5th President of Paine College
- In office 1975–1982
- Preceded by: Lucius Holsey Pitts
- Succeeded by: William Hamilton Harris

7th President of Paine College
- In office 1988–1994
- Preceded by: William Hamilton Harris
- Succeeded by: Shirley A. R. Lewis

President of Wiley College
- In office 1996–1998
- Preceded by: Lamore J. Carter
- Succeeded by: Ronald L. Swain

Personal details
- Born: February 26, 1925 Houston, Texas, U.S.
- Died: August 1, 2019 (aged 94) Hilton Head Island, South Carolina, U.S.
- Spouse: Ianthia L. Harrell
- Children: 3, including Julius Sherrod Scott III
- Education: Wiley College, Boston University
- Occupation: Minister, chaplain, community leader, theologist, sociologist, teacher, academic administrator

= Julius Samuel Scott Jr. =

American academic administrator, teacher, sociologist (1925–2019)

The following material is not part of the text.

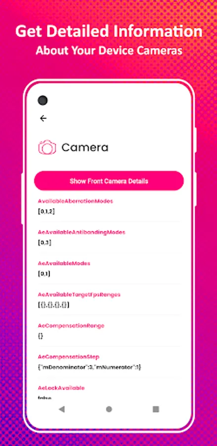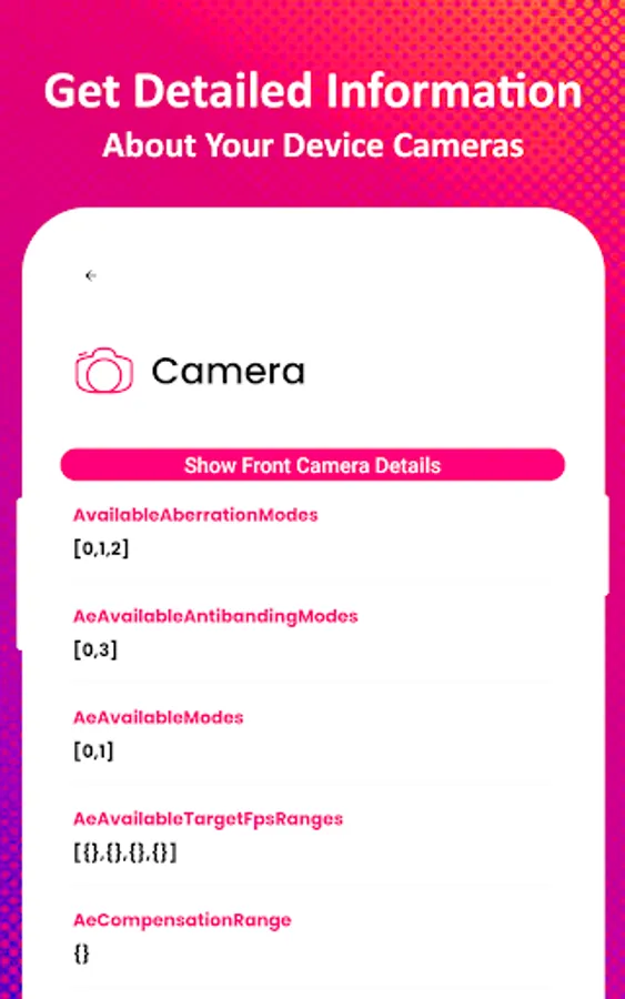 Camera: Get information about both Camera’s MegaPixel, Orientation, Anti Banding, Color Effect, Flash Mode, Focus Mode, White Balance, Focal Length, Focus Distances, Vertical and Horizontal View Angle, Preview FPS Range, Supported Picture Sizes and Supported Video Sizes and many more

Julius Samuel Scott Jr. (1925 – 2019) was an American Methodist minister, sociologist, community leader, teacher, and academic administrator. He served as presidents of Paine College (1975–1982; and 1988–1994) and Wiley College (1996–1998).

== Early life and education ==
Julius Samuel Scott, Jr. was born on February 26, 1925, in Houston, Texas to parents Julius S. Scott, Sr., and Bertha Bell Scott. His father, Julius Sr. (1885–1976) was a Methodist minister and served as the ninth president of Wiley College.

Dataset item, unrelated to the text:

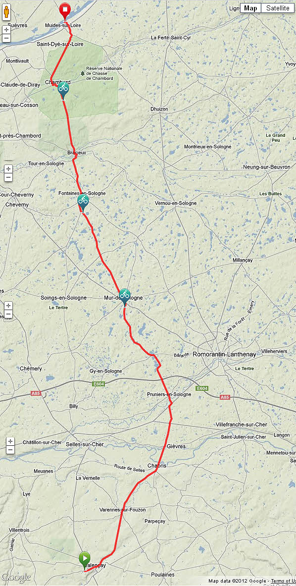 The day dawned with clouds and bright periods after a warm night. I was up at seven o'clock and after packing up rode into Valençay for bread and cheese for the day. My memories of the morning have largely faded away, but I remember stopping for coffee somewhere and met an English lady who used to live in Gibraltar, was brought up in Solihull, had bought a house in France and moved out permanently. Later I came into Mur-de-Sologne where there was a town fête. I stopped at a restaurant and sat under an umbrella on a street-side terrace and had a splendid Sunday lunch. My credit card was not accepted for some reason and I was not allowed to offer an alternative card but had to pay in cash. As I ate a procession of veteran cars drove past all honking their horns.

Scott Jr. attended Wiley College, where he graduated with degrees in sociology and religion. He continued his studies at Garrett–Evangelical Theological Seminary, and Brown University before earning a PhD in 1968 in social ethics at Boston University. He was interested in learning about non-violent protest, and study the teachings of Mahatma Gandhi; he moved to India for three years to work as a teacher and missionary in Hyderabad, India. Scott also held 14 honorary degrees.

== Career ==
He worked as a professor of sociology at Wiley College, Boston University, Atlanta University (now Clark Atlanta University), and Spelman College. He served as a chaplain at the Massachusetts Institute of Technology, Texas Southern University, and Brown University. In 1970, Scott was named executive director of the Martin Luther King Jr. Center for Nonviolent Social Change (now the King Center for Nonviolent Social Change) in Atlanta.

Scott served as president of Paine College from 1975 until 1982, and was asked to serve a second term from 1988 until 1994 because of his positive impact with rebuilding relations between Paine College and the white community in Augusta, Georgia.

Scott was one of the many founders of Africa University, a private Methodist institution in Zimbabwe which opened in 1992. Africa University opened with 40 students, and by 2019 the school had over 1,500 students.

Starting in 1996, Scott served as president of Wiley College in Marshall, Texas, a role he held until 1998. Additionally he served as a board member at the United Negro College Fund, the National Association of Independent Colleges and Universities, and the University Senate of the United Methodist Church.

== Death and legacy ==
He died on August 1, 2009 in Hilton Head Island. He was survived by his wife Ianthia "Ann" L. Harrell, and their three children.